Fish oil can help slash diabetes risk
Just as one study claims to find no benefits off fish oil, another one finds some very real benefits: Fish oil can boost the body's level of adiponectin.
Now, if you're like most people, you've probably never heard of this hormone -- but trust me, you don't just want it.
You need it.
This hormone helps control blood sugar, which is why other studies have found that people with higher levels of it have a lower risk of both diabetes and metabolic syndrome.
And that's not all it can do.
Adiponectin from the benefits of fish oil. It can also help control inflammation, which may be why higher levels of adiponectin have also been linked to a lower risk of heart disease and other serious heart problems.
It's also a pretty handy fat-burner, and can reduce your risk of obesity. And if all that's not enough, this hormone can also slash your risk of both atherosclerosis and non-alcoholic fatty liver disease.
It's pretty important stuff -- and so far, science hasn't identified too many ways to boost your levels of it other than with the benefits of fish oil.
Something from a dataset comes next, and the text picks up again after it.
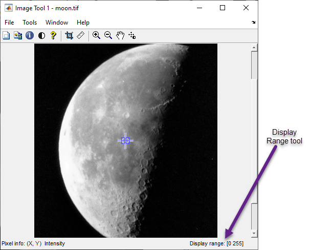 Средство просмотра изображений предоставляет информацию о диапазоне отображения пикселов в оттенках серого. Диапазон отображения - это значение осей CLim свойство, которое управляет отображением изображения CData к цветовой карте фигуры. CLim является двухэлементным вектором [cmin cmax] указание CData значение для сопоставления с первым цветом на карте цветов (cmin) и CData значение для сопоставления с последним цветом на карте цветов (cmax). Значения данных между ними линейно масштабируются.

We know from animal studies that higher omega-3 intake seems to stimulate adiponectin production, but the new research is one of the first human studies I've seen to make that connection.
In this one, a Harvard University team looked at data from 14 gold-standard clinical trials and found that higher omega-3 intake can boost your adiponectin levels by an average of 0.37 micrograms per milliliter of blood.
I realize that number might not mean much to most people, but it's a respectable (if modest) boost -- and the researchers say some people may see even bigger gains via increased omega-3 intake.
Call that yet another good reason to boost your own omega-3 levels and get more benefits of fish oil. You can do so by simply eating more fatty fish, but the best way to make sure you get what you really need each day is with a supplement.
Be sure to stick with a quality supplement from a maker you trust -- one that's been purified to remove contaminants such as mercury.